The Initial Shock and Terror of the Bondi Shooting Is Giving Way to Rage and Division. It Is Imperative We Look For the Hope.

While Australia winds down for a traditional Christmas holiday during languorous days of beach and scorching heat accompanied by the soundtrack of Test cricket and insect sounds, this year the nation's summer mood seems, unfortunately, like none before.

It would be a significant oversimplification to characterize the national disposition after the anti-Jewish violent assault on Jewish Australians during the beachside Hanukah celebrations as one of mere ennui.

Throughout the country, but especially than in Sydney – the most iconically beautiful of Australian cities – a tone of initial surprise, grief and terror is segueing to anger and bitter polarization.

Those who had previously missed the frequently expressed fears of Australian Jews are now acutely aware. Similarly, they are attuned to balancing the need for a much more immediate, vigorous government and institutional crackdown against anti-Jewish hatred with the right to peacefully protest against mass atrocities.

If ever there was a time for a national listening, it is now, when our faith in mankind is so deeply depleted.

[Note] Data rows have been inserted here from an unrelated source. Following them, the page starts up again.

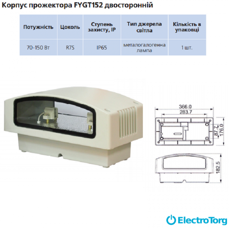 Корпус прожектора FYGT152 70-150Вт R7S двухсторонний Delux
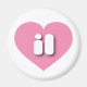 This magnet features a vibrant pink heart containing the bold, white, rounded lower case letters il, a playful abbreviation for Illinois, the prairie state.
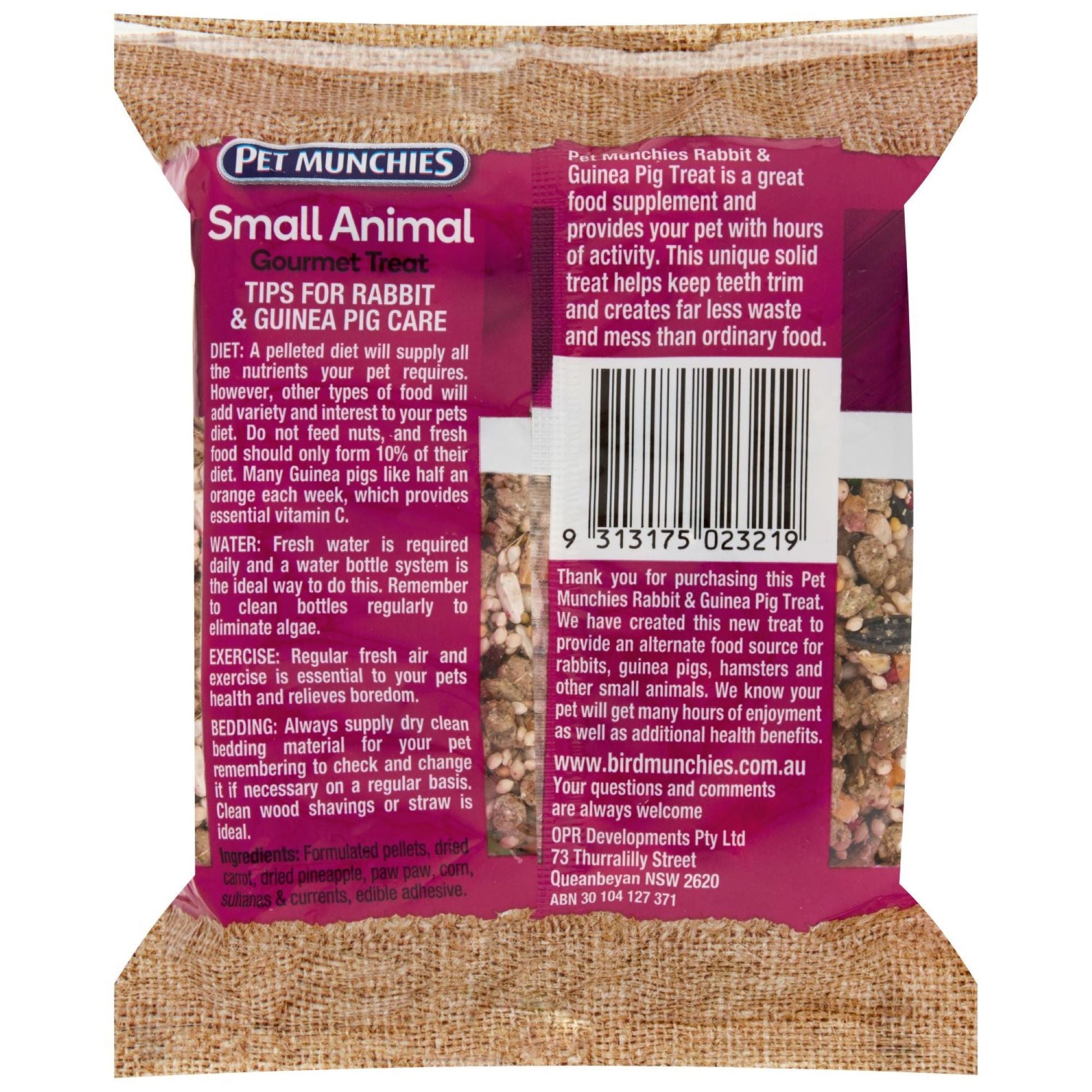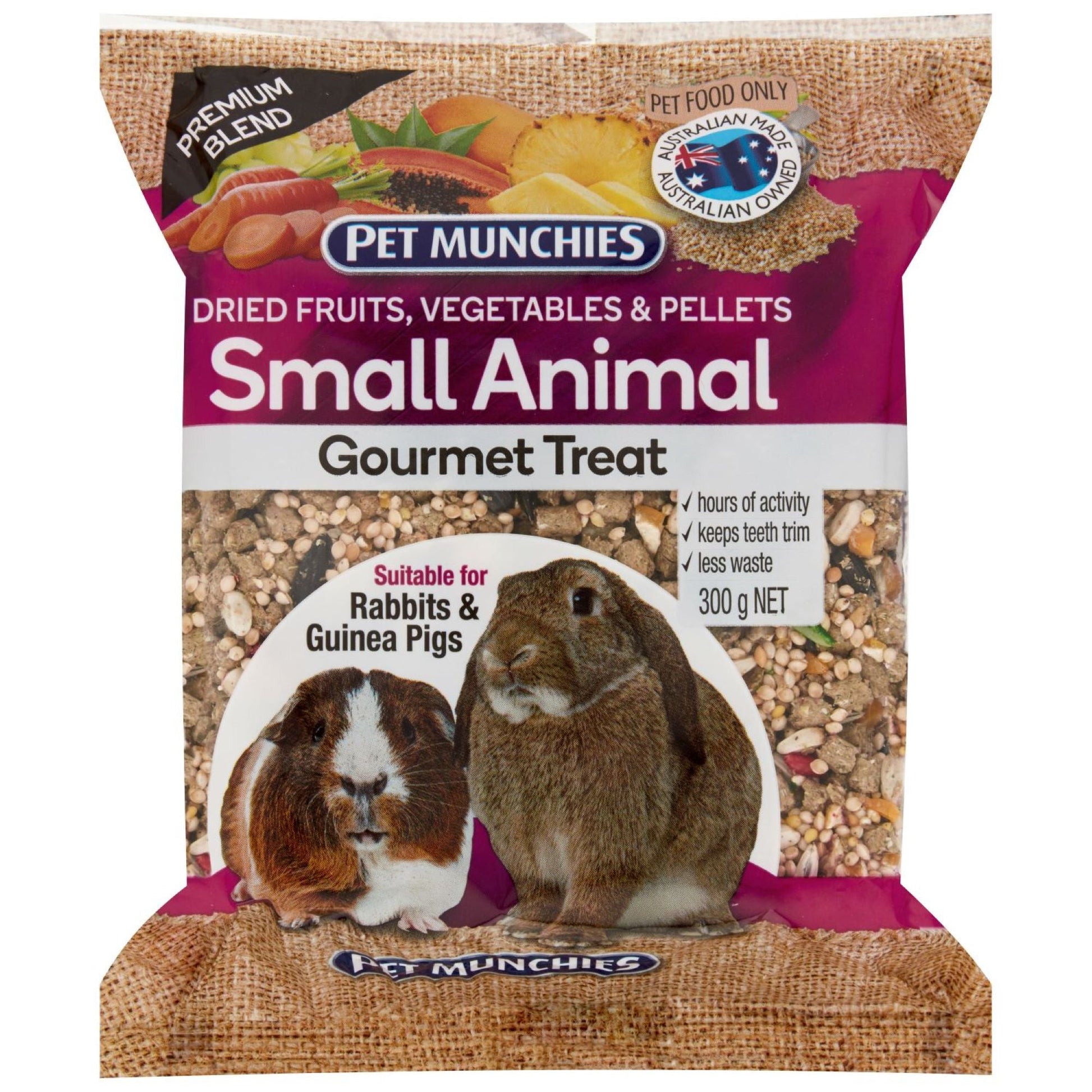 Pet Munchies Small Animal Gourmet Treat 300g is a great food supplement and provides your pet with hours of activity. This unique solid treat helps keep teeth trim and creates far less waste and mess than ordinary food.
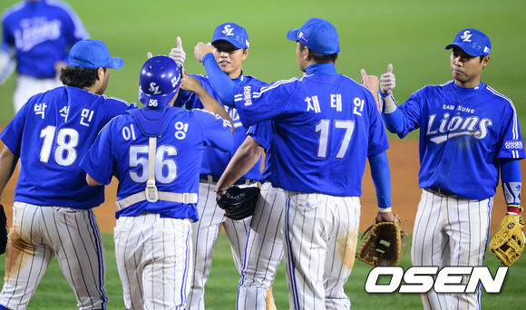 경기 종료 직후 삼성 선수들이 승리의 기쁨을 나누고 있다. /jpnews@osen.co.kr
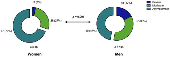 Proportion of COVID-19 severity levels in relation to patient sex [n (%)]. Chi-square (χ2) test for trend indicated that men experience significantly more severe COVID-19 than women (p = 0.001) according to the clinical classification of severity.
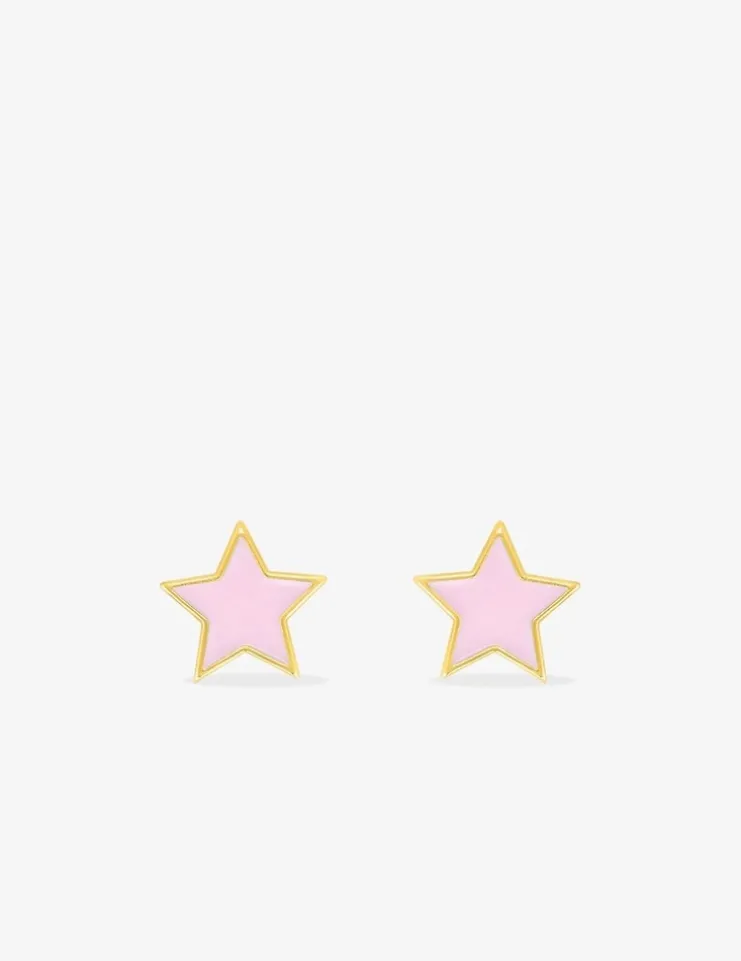 Boucles d'oreilles étoile rose or jaune 750‰ et laque fermoir vis SO OR
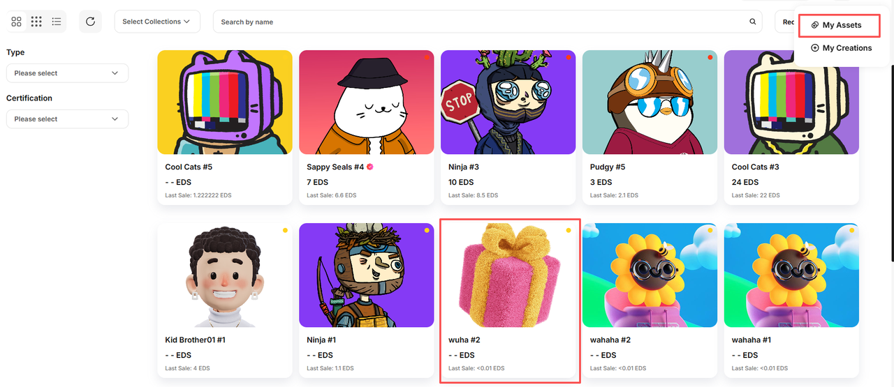 After successful minting, you can go to My Assets to view the NFTs you have successfully minted.

This is particularly so for those of us lucky never to have experienced the hatred and dread of religious and ethnic persecution on this land or elsewhere.

And yet the algorithms keep spewing at us the trite hot takes of those with inflammatory, polarizing stances but little understanding at all of that profound fragility.

This is a time when I regret not having a stronger faith. I mourn, because believing in people – in mankind’s potential for compassion – has failed us so painfully. Something else, a greater power, is needed.

And yet from the horror of Bondi we have witnessed such extreme examples of human decency. The courageous acts of ordinary people. The bravery of those present. First responders – police officers and medical staff, those who ran towards the gunfire to help others, some publicly hailed but for the most part unnamed and unsung.

When the police tape still fluttered in the wind all about Bondi, the necessity of community, religious and cultural unity was laudably promoted by religious figures. It was a message of love and acceptance – of unifying rather than dividing in a time of targeted violence.

Consistent with the meaning of the Festival of Lights (light amid darkness), there was so much fitting evocation of the need for lightness.

Unity, light and love was the essence of faith.

‘Our public places may not appear quite the same again.’

And yet elements of the political landscape responded so nauseatingly swiftly with division, finger-pointing and recrimination.

Some elected officials moved straight for the pessimism, using tragedy as a calculating opportunity to question Australia’s migration rules.

Witness the dangerous message of division from veteran fomenters of Australian racial division, capitalizing on the attack before the crime scene was even cold. Then consider the words of leadership aspirants while the probe was ongoing.

Politics has a formidable job to do when it comes to bringing together a nation that is grieving and scared and looking for the light and, not least, answers to so many uncertainties.

Like why, when the official terror alert was assessed as probable, did such a significant open-air Hanukah celebration go ahead with such a woefully inadequate security presence? Like how could the alleged killers have multiple firearms in the family home when the domestic intelligence organisation has so publicly and repeatedly alerted of the danger of antisemitic violence?

How quickly we were treated to that cliched line (or versions of it) that it’s individuals not guns that kill. Naturally, each point are true. It’s possible to simultaneously seek new ways to stop hate-fuelled violence and keep firearms away from its potential actors.

In this metropolis of immense beauty, of pristine blue heavens above sea and sand, the water and the coastline – our shared community spaces – may not look entirely familiar again to the many who’ve observed that famous Bondi seems so incongruous with last weekend’s obscene bloodshed.

We long right now for understanding and significance, for loved ones, and perhaps for the solace of beauty in culture or nature.

This weekend many Australians are calling off Christmas party plans. Reflective solitude will feel more in order.

But this is perhaps somewhat against instinct. For in these days of anxiety, outrage, sadness, bewilderment and loss we need each other now more than ever.

The reassurance of community – the binding force of the unity in the very word – is what we likely need most.

But sadly, all of the portents are that cohesion in politics and society will be hard to find this long, enervating summer.

Thomas Rush
Thomas Rush

Felix is an automation engineer with over a decade of experience in designing and optimizing industrial control systems across Europe.